### Items from a data source
********
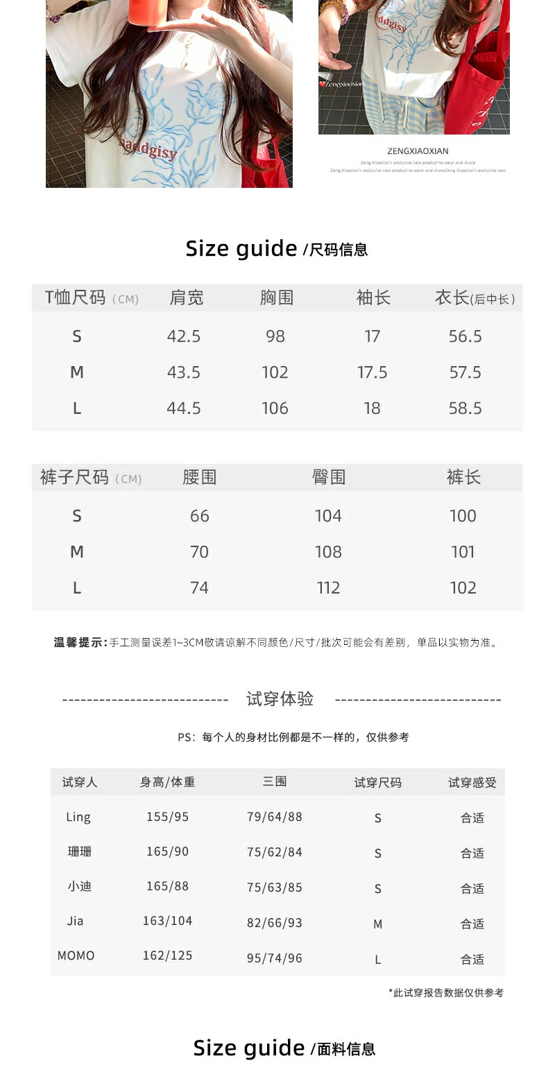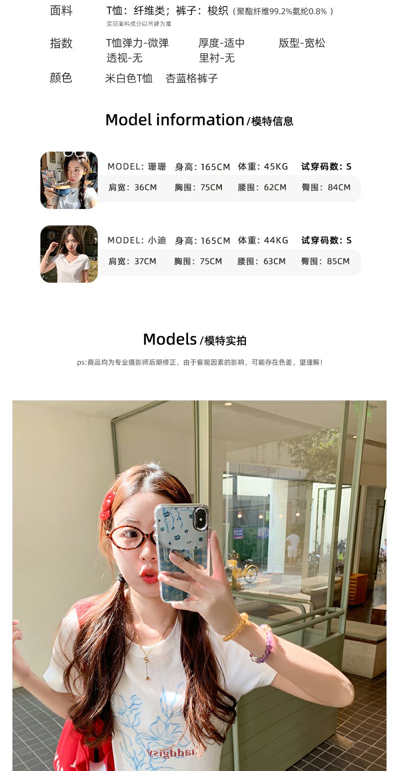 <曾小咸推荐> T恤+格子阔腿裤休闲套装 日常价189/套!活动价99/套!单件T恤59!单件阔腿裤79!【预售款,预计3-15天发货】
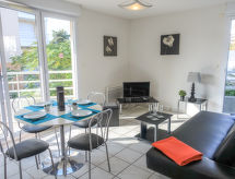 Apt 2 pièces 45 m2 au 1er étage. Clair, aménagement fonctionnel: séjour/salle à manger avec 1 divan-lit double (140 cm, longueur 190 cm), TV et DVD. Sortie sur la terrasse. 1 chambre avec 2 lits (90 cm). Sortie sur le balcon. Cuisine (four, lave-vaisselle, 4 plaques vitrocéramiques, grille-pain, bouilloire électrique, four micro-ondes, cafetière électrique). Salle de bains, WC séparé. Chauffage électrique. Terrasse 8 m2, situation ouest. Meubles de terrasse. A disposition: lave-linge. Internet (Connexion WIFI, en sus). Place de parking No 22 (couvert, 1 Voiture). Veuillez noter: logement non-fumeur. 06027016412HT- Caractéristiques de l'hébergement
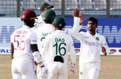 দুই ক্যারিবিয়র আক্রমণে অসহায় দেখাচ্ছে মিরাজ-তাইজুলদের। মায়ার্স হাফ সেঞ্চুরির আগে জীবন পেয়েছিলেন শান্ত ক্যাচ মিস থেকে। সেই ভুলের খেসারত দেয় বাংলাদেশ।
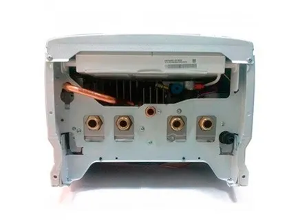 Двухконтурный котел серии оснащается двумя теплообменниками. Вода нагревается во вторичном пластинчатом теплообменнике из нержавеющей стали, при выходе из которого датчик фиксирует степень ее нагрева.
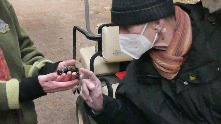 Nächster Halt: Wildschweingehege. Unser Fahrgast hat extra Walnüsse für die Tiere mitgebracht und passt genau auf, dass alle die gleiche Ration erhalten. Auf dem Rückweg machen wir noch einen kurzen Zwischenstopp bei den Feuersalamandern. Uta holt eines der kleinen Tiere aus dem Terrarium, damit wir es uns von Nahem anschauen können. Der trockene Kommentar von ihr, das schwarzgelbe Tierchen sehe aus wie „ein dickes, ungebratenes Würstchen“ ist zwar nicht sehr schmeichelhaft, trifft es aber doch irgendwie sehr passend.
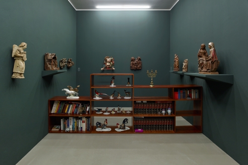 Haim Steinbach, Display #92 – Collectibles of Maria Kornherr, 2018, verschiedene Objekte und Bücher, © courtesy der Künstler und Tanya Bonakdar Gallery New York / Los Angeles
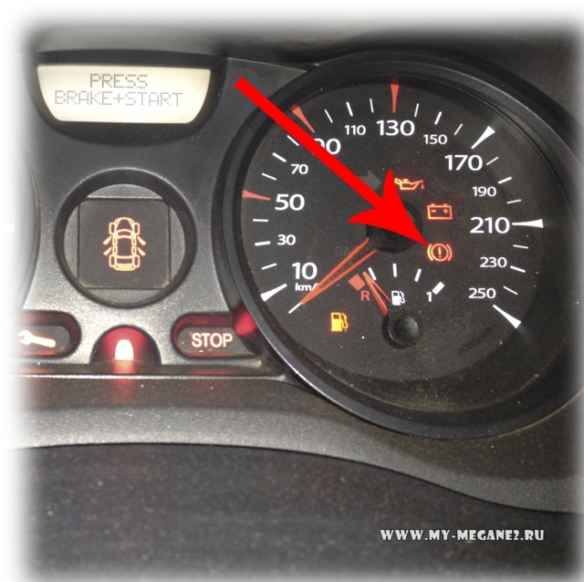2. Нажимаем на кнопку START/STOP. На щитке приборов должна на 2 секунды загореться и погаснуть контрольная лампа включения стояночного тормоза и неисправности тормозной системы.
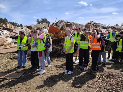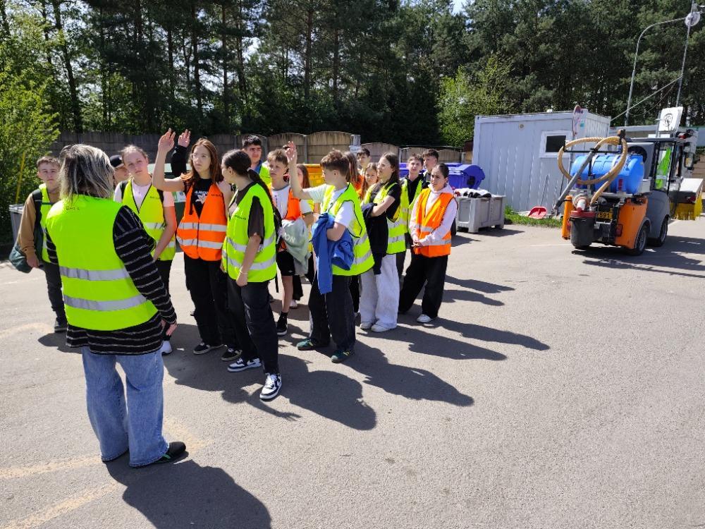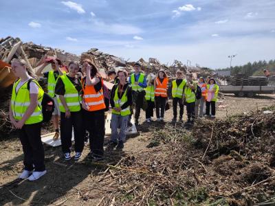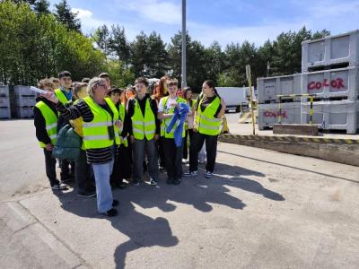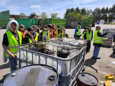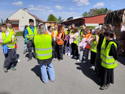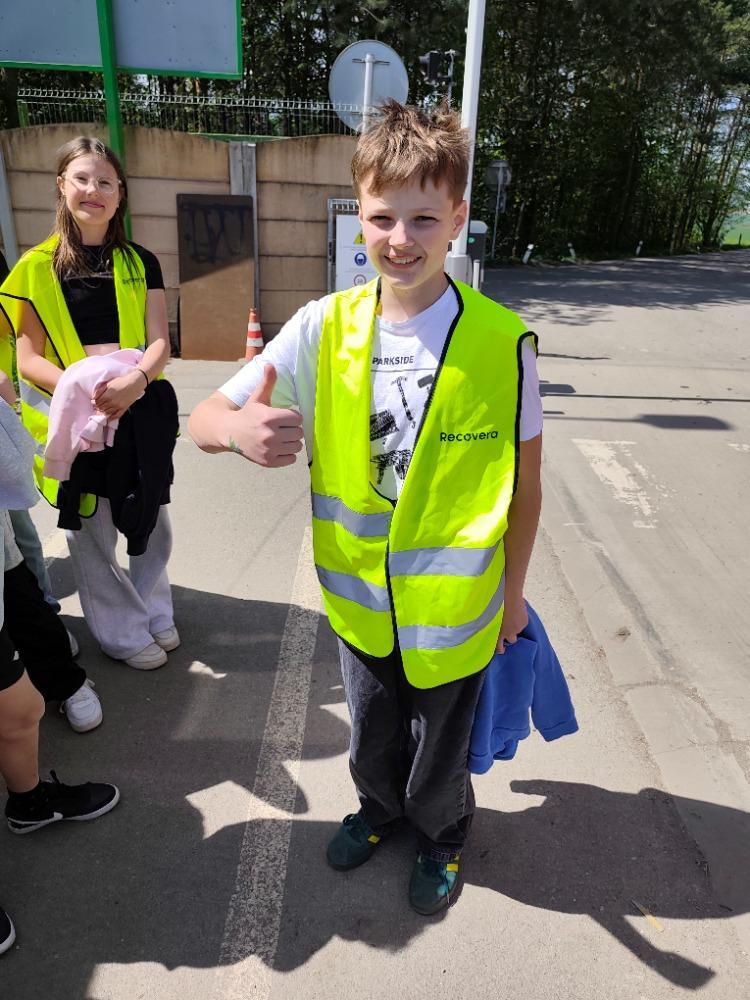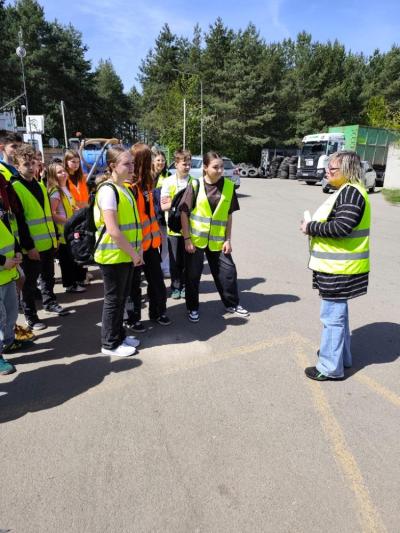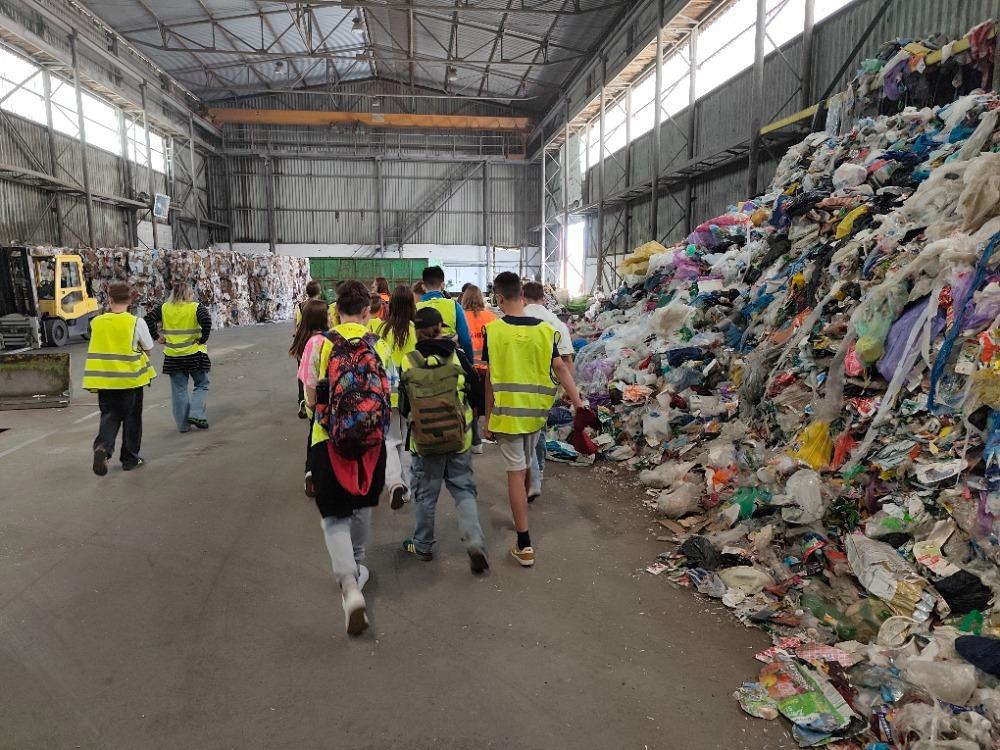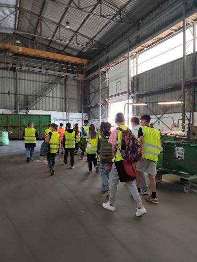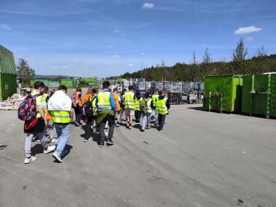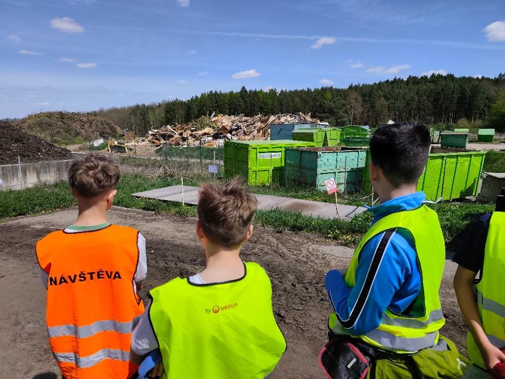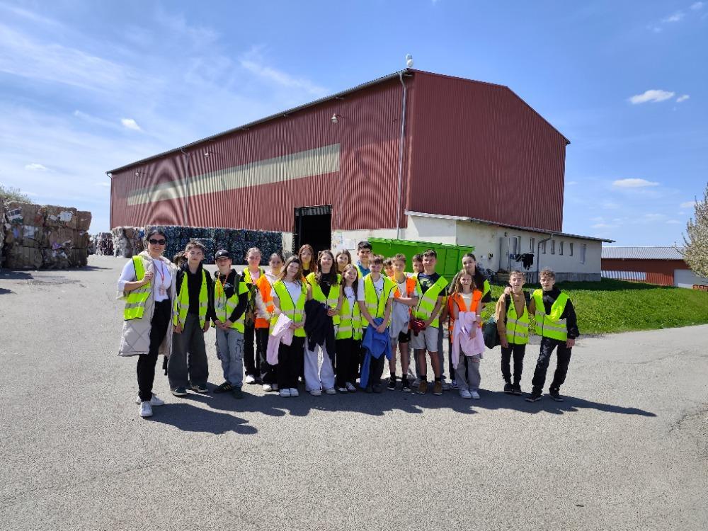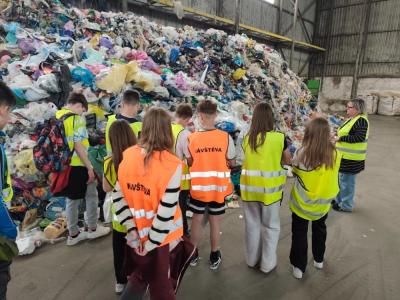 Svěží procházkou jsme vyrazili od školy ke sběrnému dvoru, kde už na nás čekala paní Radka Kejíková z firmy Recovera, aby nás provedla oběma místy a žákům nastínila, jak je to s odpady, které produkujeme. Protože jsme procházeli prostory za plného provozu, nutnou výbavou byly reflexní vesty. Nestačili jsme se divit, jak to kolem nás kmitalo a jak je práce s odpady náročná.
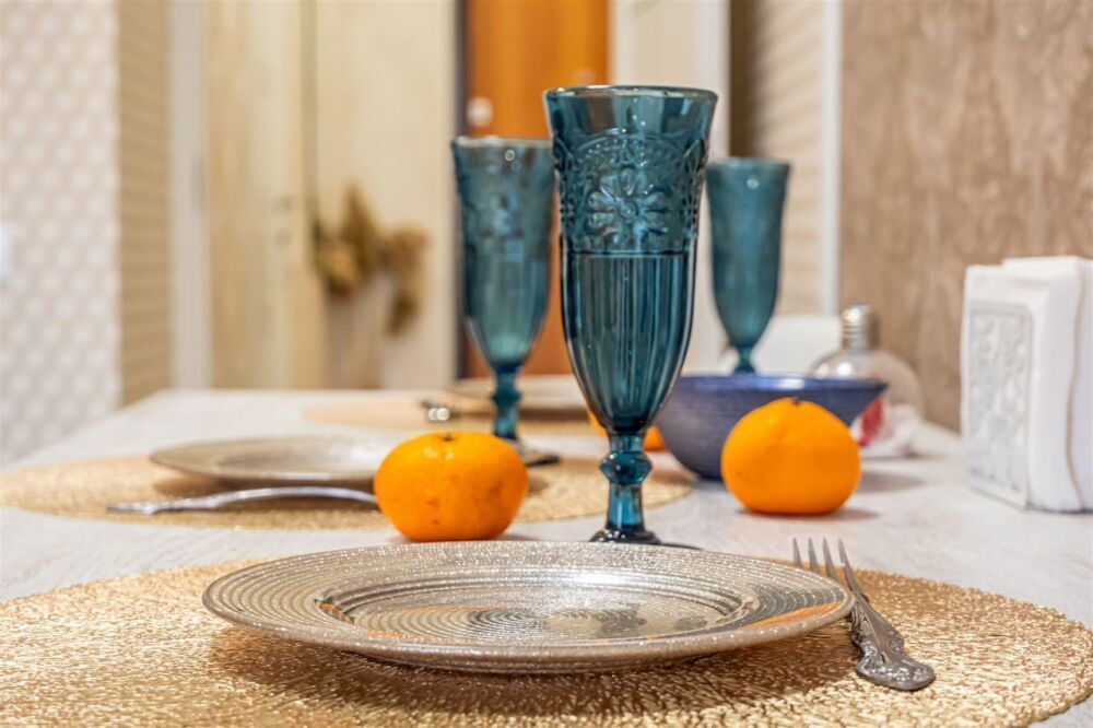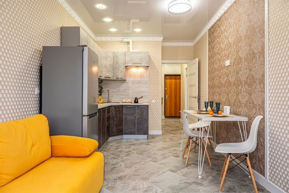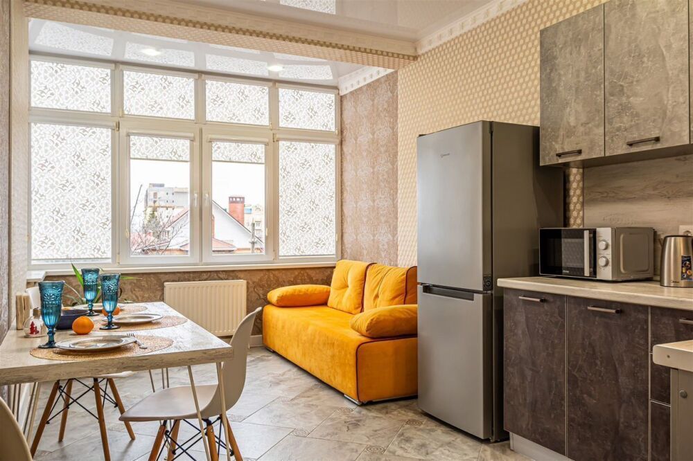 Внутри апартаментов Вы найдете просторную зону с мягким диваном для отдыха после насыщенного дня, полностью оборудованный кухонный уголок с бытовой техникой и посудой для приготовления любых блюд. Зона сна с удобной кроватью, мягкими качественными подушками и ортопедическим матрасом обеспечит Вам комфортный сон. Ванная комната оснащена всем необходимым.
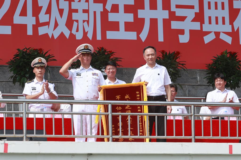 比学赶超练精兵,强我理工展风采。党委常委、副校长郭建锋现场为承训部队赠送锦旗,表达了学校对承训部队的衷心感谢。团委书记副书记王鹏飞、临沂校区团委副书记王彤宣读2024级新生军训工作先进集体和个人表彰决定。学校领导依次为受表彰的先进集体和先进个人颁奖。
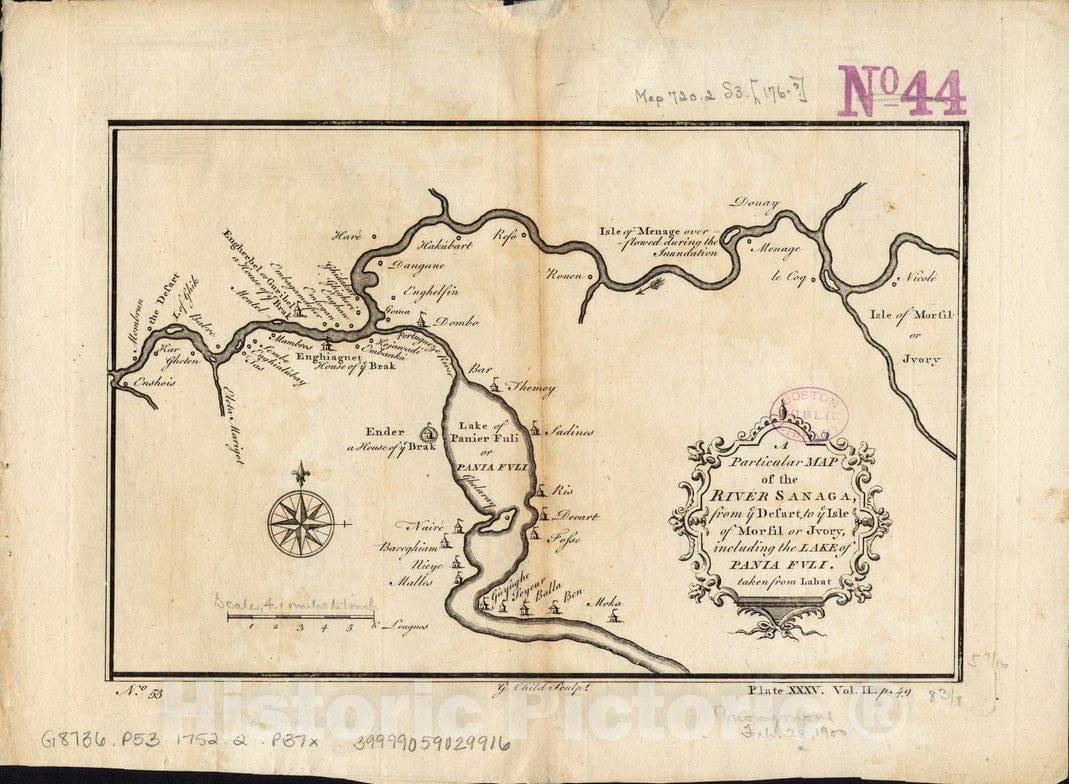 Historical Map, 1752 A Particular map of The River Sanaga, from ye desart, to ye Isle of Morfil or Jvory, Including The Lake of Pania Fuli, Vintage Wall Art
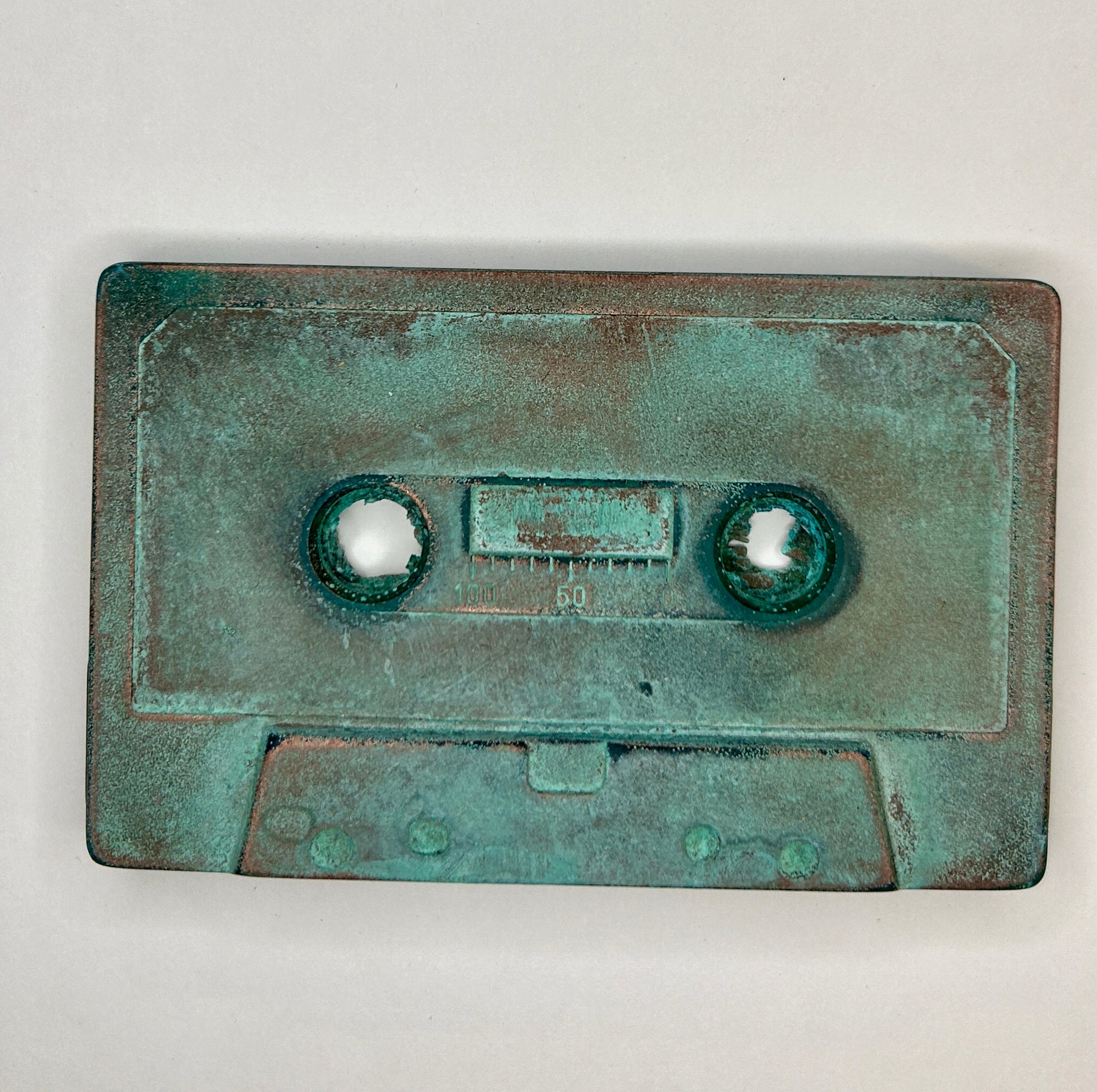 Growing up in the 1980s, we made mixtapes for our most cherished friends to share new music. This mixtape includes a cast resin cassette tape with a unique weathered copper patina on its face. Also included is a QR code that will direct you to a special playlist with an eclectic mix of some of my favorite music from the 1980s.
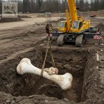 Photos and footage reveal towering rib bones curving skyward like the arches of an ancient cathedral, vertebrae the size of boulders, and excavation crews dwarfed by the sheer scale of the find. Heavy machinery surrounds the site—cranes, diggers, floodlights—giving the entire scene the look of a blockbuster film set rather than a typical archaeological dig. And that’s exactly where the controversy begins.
********
### Task to complete
Output should consist of the lines above from the one with "Nächster Halt: Wildschweingehege." down to the one with "Haim Steinbach, Display", exact and without pictures.

### Solution
 Nächster Halt: Wildschweingehege. Unser Fahrgast hat extra Walnüsse für die Tiere mitgebracht und passt genau auf, dass alle die gleiche Ration erhalten. Auf dem Rückweg machen wir noch einen kurzen Zwischenstopp bei den Feuersalamandern. Uta holt eines der kleinen Tiere aus dem Terrarium, damit wir es uns von Nahem anschauen können. Der trockene Kommentar von ihr, das schwarzgelbe Tierchen sehe aus wie „ein dickes, ungebratenes Würstchen“ ist zwar nicht sehr schmeichelhaft, trifft es aber doch irgendwie sehr passend.
 Haim Steinbach, Display #92 – Collectibles of Maria Kornherr, 2018, verschiedene Objekte und Bücher, © courtesy der Künstler und Tanya Bonakdar Gallery New York / Los Angeles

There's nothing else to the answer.